- ACTION ITEM -
Would you transcribe the records below from the line with "会津少年自然の家は会津盆地の" to the line with "Vehículo Escolta Financiero", ends included, exactly and with nothing more, leaving the pictures out?

[Source data]
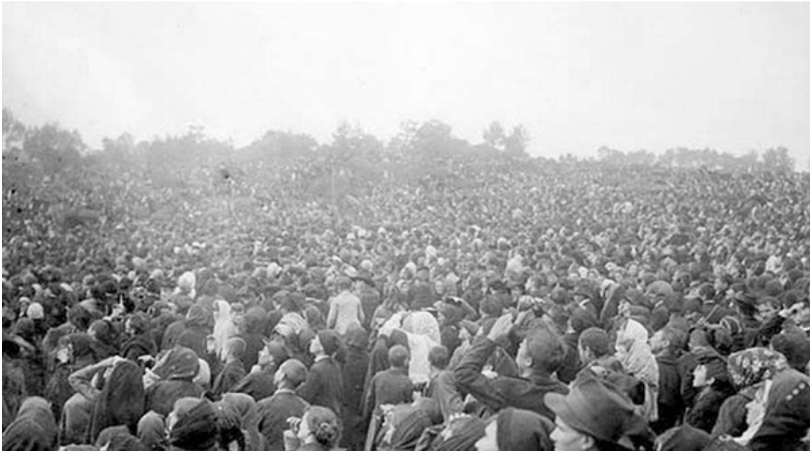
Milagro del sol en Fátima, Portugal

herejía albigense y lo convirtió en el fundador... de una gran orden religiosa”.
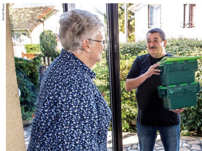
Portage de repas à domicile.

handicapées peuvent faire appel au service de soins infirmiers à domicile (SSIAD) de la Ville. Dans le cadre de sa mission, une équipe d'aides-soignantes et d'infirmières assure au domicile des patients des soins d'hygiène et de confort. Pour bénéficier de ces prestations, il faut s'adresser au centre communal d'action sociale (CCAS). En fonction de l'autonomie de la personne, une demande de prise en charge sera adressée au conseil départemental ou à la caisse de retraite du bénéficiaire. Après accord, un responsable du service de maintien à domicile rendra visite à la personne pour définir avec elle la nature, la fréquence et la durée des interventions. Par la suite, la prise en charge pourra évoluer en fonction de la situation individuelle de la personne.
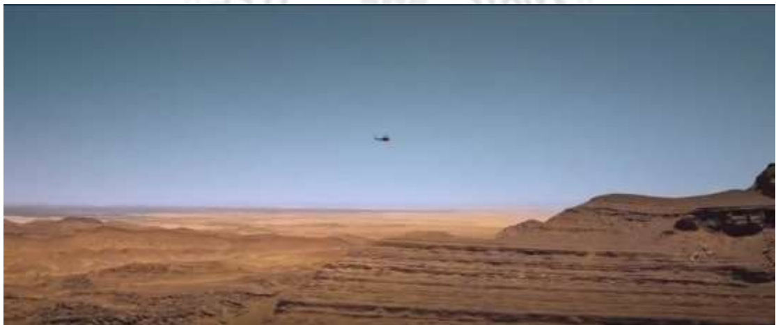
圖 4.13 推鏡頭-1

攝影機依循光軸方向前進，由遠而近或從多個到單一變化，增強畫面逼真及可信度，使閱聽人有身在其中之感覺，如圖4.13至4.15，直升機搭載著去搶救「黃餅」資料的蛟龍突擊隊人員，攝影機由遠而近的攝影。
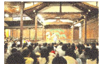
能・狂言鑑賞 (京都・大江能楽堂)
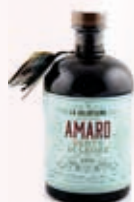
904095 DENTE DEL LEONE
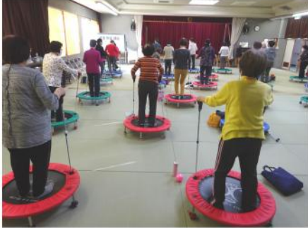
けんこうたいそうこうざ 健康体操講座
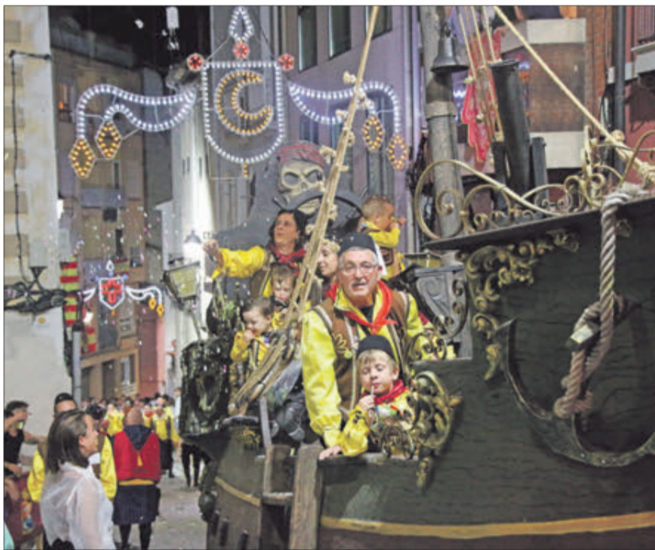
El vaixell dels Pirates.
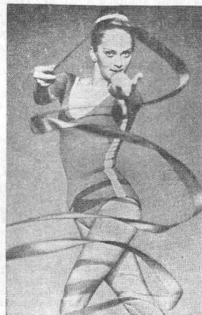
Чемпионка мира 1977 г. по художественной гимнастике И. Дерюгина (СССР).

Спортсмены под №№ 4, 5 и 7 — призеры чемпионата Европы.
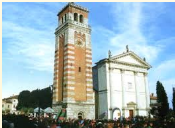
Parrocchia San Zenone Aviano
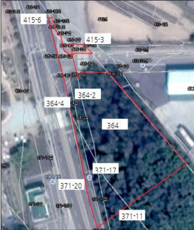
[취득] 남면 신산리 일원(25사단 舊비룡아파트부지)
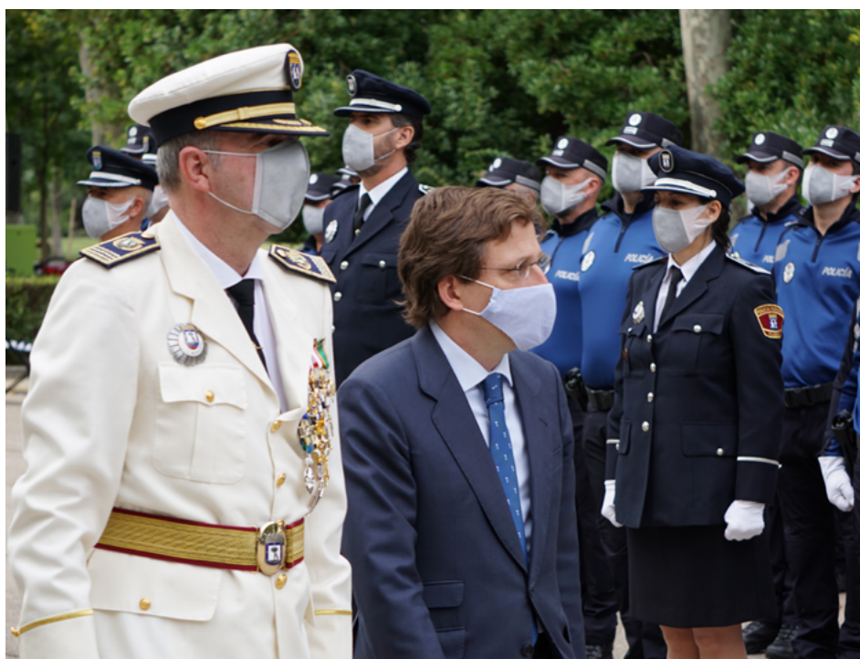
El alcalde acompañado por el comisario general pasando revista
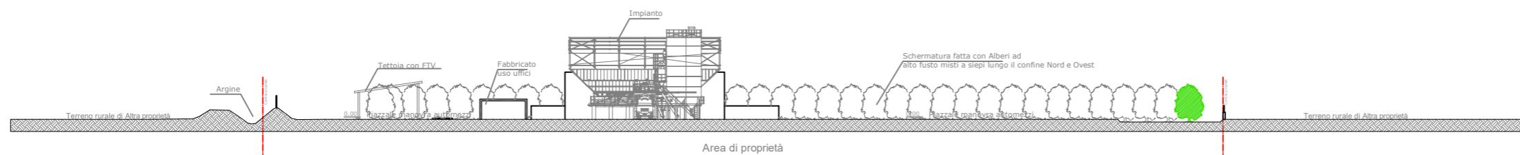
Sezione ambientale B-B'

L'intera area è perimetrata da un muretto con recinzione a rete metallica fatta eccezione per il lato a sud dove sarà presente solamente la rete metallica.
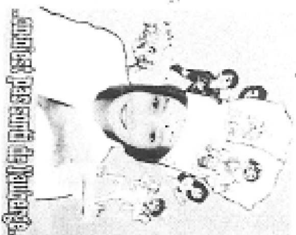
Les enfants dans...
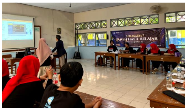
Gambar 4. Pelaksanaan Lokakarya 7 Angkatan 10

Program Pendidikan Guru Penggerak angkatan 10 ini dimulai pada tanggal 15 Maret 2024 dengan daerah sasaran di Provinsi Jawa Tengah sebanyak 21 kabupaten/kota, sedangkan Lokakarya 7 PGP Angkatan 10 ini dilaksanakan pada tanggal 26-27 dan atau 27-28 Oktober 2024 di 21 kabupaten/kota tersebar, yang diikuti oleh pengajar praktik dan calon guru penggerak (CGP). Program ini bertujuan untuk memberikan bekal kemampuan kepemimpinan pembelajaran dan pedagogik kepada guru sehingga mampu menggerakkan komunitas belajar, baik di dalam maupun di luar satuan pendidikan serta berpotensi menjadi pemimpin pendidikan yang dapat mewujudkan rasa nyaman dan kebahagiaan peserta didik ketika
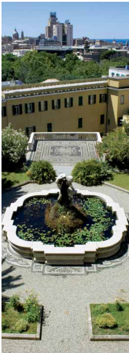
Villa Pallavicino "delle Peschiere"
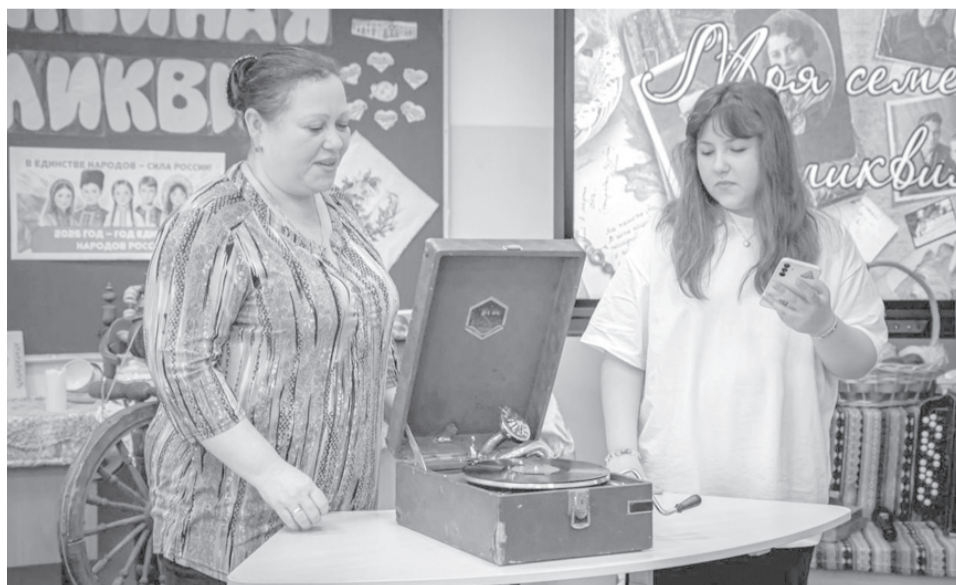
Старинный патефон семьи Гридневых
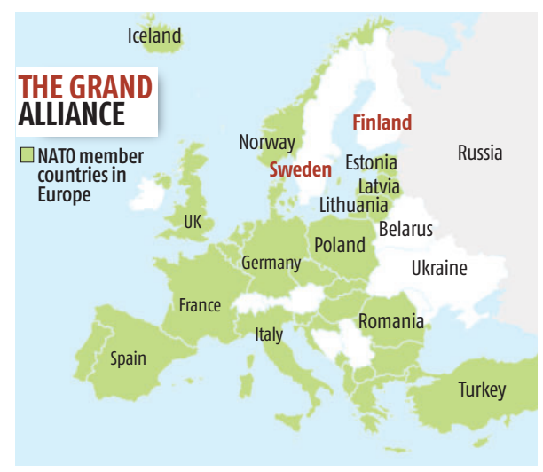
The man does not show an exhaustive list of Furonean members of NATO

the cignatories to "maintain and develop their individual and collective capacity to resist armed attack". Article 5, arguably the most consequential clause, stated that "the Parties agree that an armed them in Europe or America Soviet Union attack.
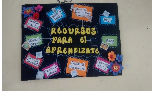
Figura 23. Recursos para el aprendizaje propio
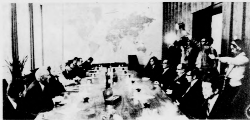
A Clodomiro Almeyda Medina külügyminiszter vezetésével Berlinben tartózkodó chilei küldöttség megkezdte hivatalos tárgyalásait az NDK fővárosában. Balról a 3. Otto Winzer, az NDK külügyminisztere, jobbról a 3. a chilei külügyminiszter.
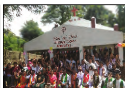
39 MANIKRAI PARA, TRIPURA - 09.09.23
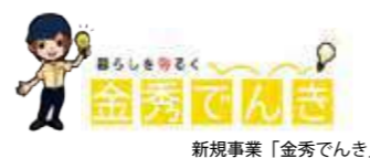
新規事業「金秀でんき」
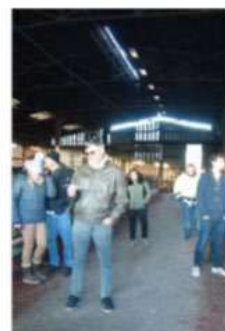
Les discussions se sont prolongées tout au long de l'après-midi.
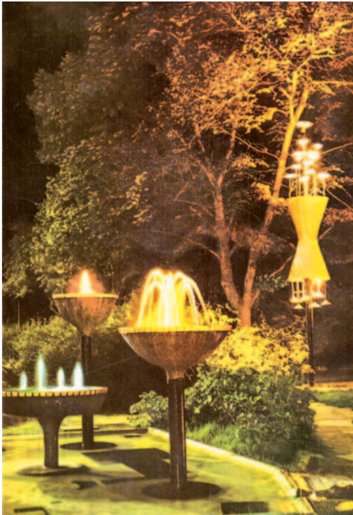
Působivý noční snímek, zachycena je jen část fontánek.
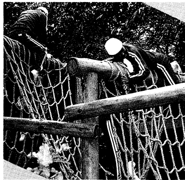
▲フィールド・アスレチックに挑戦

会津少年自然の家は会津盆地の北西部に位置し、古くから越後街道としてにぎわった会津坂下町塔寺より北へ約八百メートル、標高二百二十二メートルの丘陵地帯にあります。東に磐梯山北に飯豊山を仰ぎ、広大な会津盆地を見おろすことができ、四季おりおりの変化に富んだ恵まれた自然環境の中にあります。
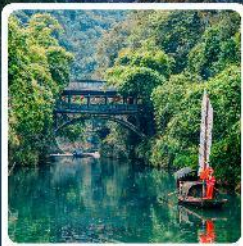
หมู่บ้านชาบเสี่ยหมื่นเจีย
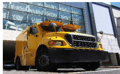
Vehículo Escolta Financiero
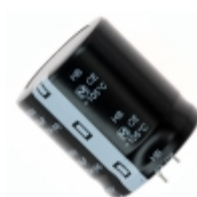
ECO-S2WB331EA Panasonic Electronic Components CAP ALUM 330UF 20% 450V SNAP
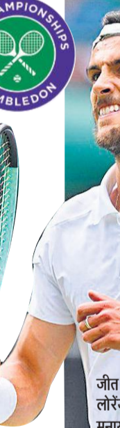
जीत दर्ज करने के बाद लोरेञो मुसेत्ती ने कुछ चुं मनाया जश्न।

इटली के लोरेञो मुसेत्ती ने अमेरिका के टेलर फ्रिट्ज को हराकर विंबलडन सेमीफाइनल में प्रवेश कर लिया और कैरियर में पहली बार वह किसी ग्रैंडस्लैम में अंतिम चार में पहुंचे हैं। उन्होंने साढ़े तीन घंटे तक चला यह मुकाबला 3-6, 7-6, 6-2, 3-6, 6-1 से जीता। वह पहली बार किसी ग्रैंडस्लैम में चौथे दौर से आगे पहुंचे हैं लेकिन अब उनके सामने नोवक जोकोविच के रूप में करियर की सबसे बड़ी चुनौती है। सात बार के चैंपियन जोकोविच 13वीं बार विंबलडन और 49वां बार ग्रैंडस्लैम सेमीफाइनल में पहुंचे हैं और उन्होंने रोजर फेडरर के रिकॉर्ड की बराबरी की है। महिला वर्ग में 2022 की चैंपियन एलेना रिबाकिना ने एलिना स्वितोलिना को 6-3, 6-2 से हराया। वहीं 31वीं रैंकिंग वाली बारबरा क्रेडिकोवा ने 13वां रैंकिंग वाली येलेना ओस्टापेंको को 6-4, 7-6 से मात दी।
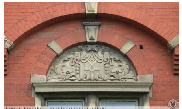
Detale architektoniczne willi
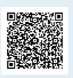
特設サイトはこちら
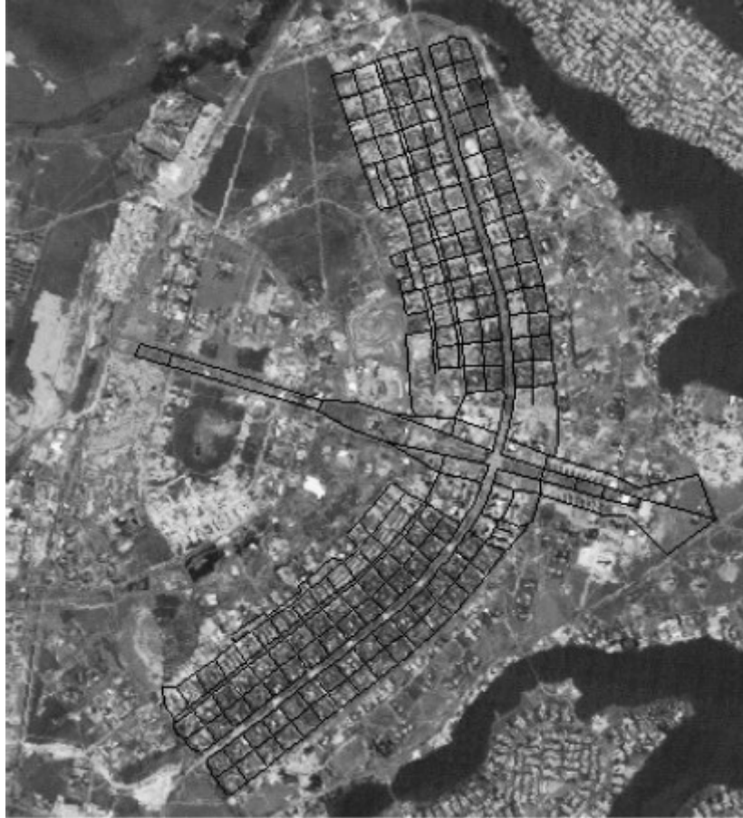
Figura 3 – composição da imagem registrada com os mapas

- FINISHED EXERCISE -
会津少年自然の家は会津盆地の北西部に位置し、古くから越後街道としてにぎわった会津坂下町塔寺より北へ約八百メートル、標高二百二十二メートルの丘陵地帯にあります。東に磐梯山北に飯豊山を仰ぎ、広大な会津盆地を見おろすことができ、四季おりおりの変化に富んだ恵まれた自然環境の中にあります。
หมู่บ้านชาบเสี่ยหมื่นเจีย
Vehículo Escolta Financiero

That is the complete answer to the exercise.